Some goals require hard, smart work; some require money, and some — like this — require both.
Coaches like to tell their teams that luck equals preparation plus opportunity. Heaven knows, folks here prepared — for decades — and finally helped create their own opportunity. Now they need to add money to the mix.
Superintendent Tony Wood is expected to recommend at the Nov. 2 meeting that the school board put a 7.6-mill property tax increase before district patrons, payable over 25 years, to raise $45 million toward construction. That would help pay for a new Jacksonville-North Pulaski High School and a new elementary school that would replace both Arnold Drive and Tolleson elementaries.
The state is expected to pay about 45 percent of the cost of a new high school. The Defense Department appears ready to pay 80 percent of the cost of the new elementary school, with the state picking up about 45 percent of the balance.

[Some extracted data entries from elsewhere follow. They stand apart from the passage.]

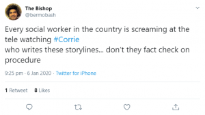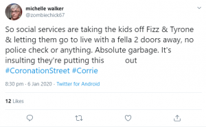 DO YOUR RESEARCH @ITV 🙄#corrie— Kat Eliza 🦉 (@KatEli999) January 6, 2020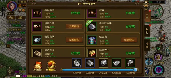 日常活动中有各种日常任务,中立区采集可以获得硬皮、秘银,周游列国奖励藏宝图有几率挖到硬皮、秘银,暗杀太子则可获得魂魄石,BOSS猎杀可获得秘银、硬皮、升级宝石。日常任务奖励的宝箱开启也有概率获得硬皮、秘银、魂魄石。完成日常任务会增加活跃度,达到一定活跃度即可领取秘银、硬皮、魂魄石、升级宝石奖励,日常任务每天一定要完成。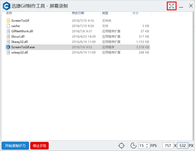 點(diǎn)擊右上角的「全屏」按鈕可以屏幕錄制窗口設(shè)置為全屏。
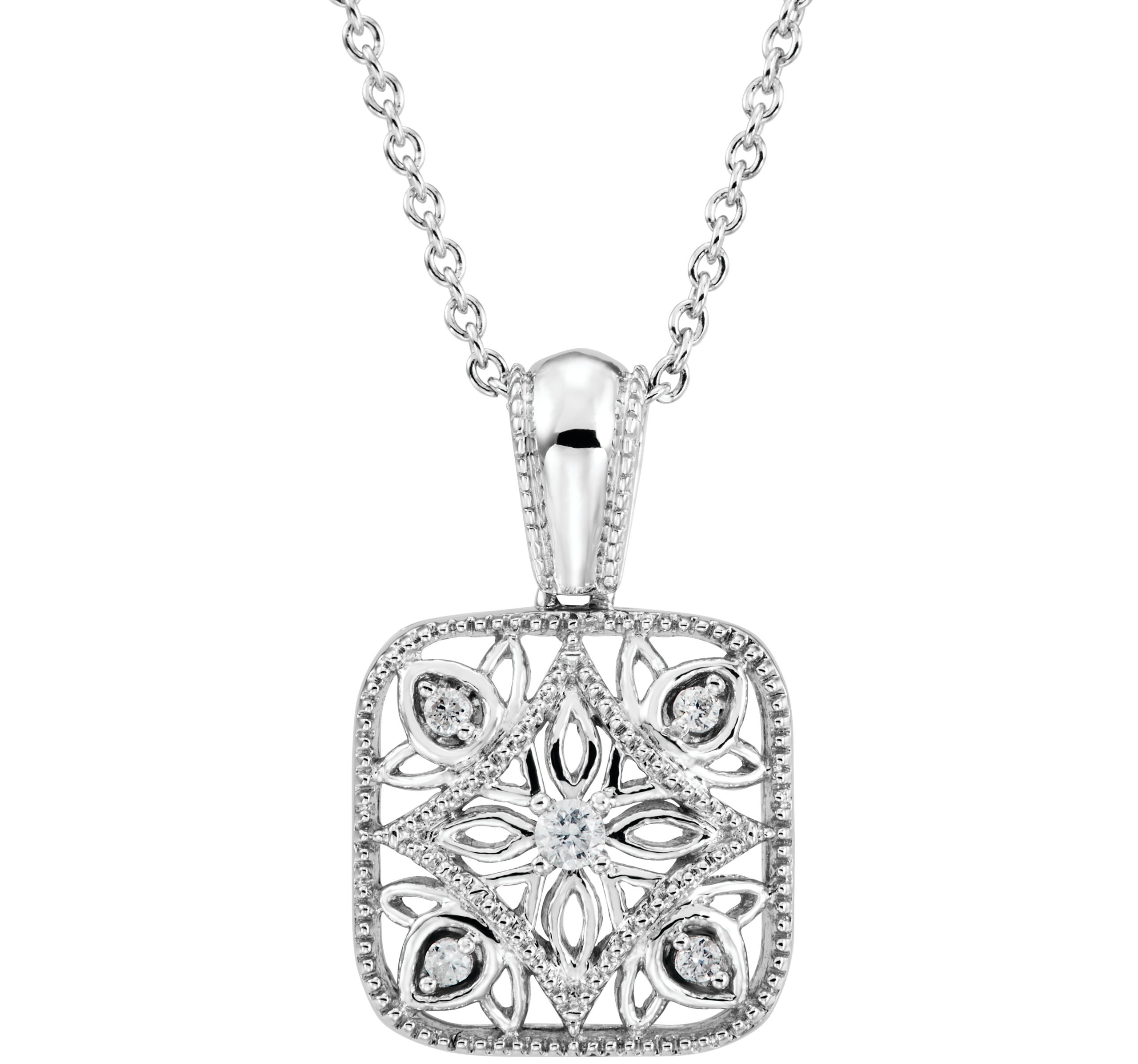 Sterling Silver .05 CTW Natural Diamond Filigree 18″ Necklace – 67984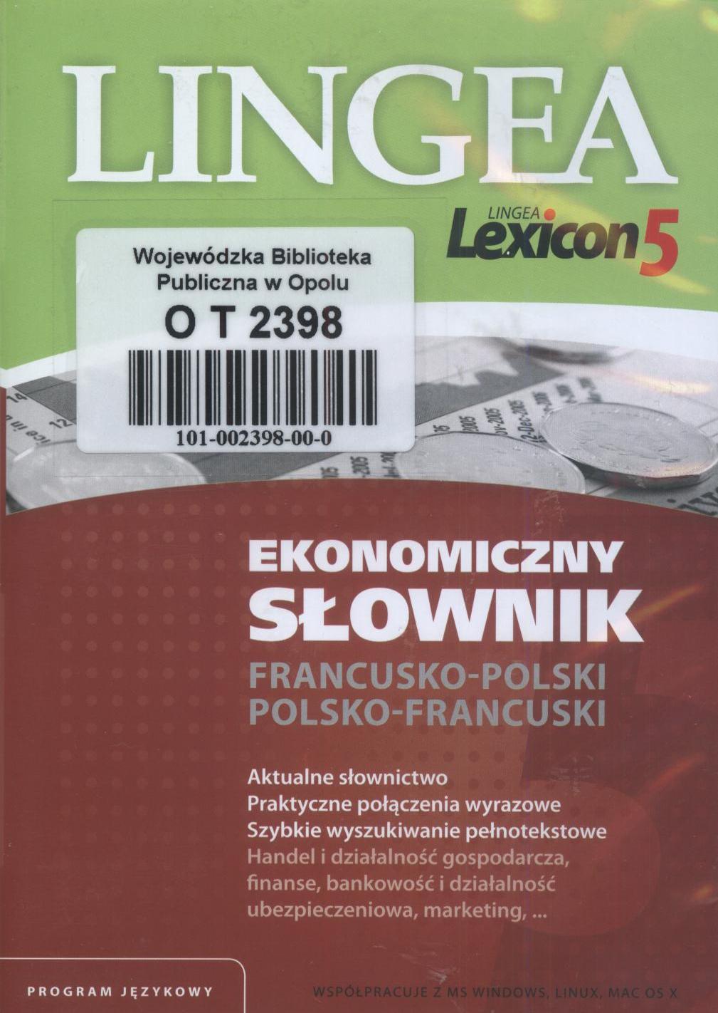 Ekonomiczny słownik francusko-polski, polsko-francuski Lingea Lexicon 5 - Kraków : Lingea, 2013 - 1 dysk optyczny (CD-ROM) : dźw., kolor ; 12 cm.

Wood and state facilities and partnership consultant Charles Stein have suggested a special millage election Feb. 2 to vote on the additional 7.6-mill increase.
The millage would cost property owners about $152 a year more on a home valued at $100,000.
Residents in the Jacksonville area have been steadfast over the years in taxing themselves to support children, higher education and public safety and, while we are not taking anything for granted, it seems likely that the same voters and the same enthusiasm that approved a standalone Jacksonville district to be carved from PCSSD by nearly 95 percent will tax themselves to support the new district and new and renovated buildings.
We’d like to see the district strike while the iron is hot. We’d like to see a special meeting called in the next few days to commission a poll among patrons to gauge support for an even higher millage increase. In rough numbers, each additional mill would raise almost $6 million while costing the owner of a $100,000 home an additional $20 a year.
Three more mills — a total of a 10.6-mill increase — would raise another $18 million for a total of $63 million.
That’s enough to add a performing arts center instead of an auditorium. Or to better renovate other elementary schools.
If there was sufficient support in the poll, the board could consider the current recommendation versus a larger increase at the Nov. 2 board meeting and still adhere to the timeline for a Feb. 2 special millage election.
Let’s not be greedy, but perhaps the district can take advantage of the deep reservoir of need and goodwill.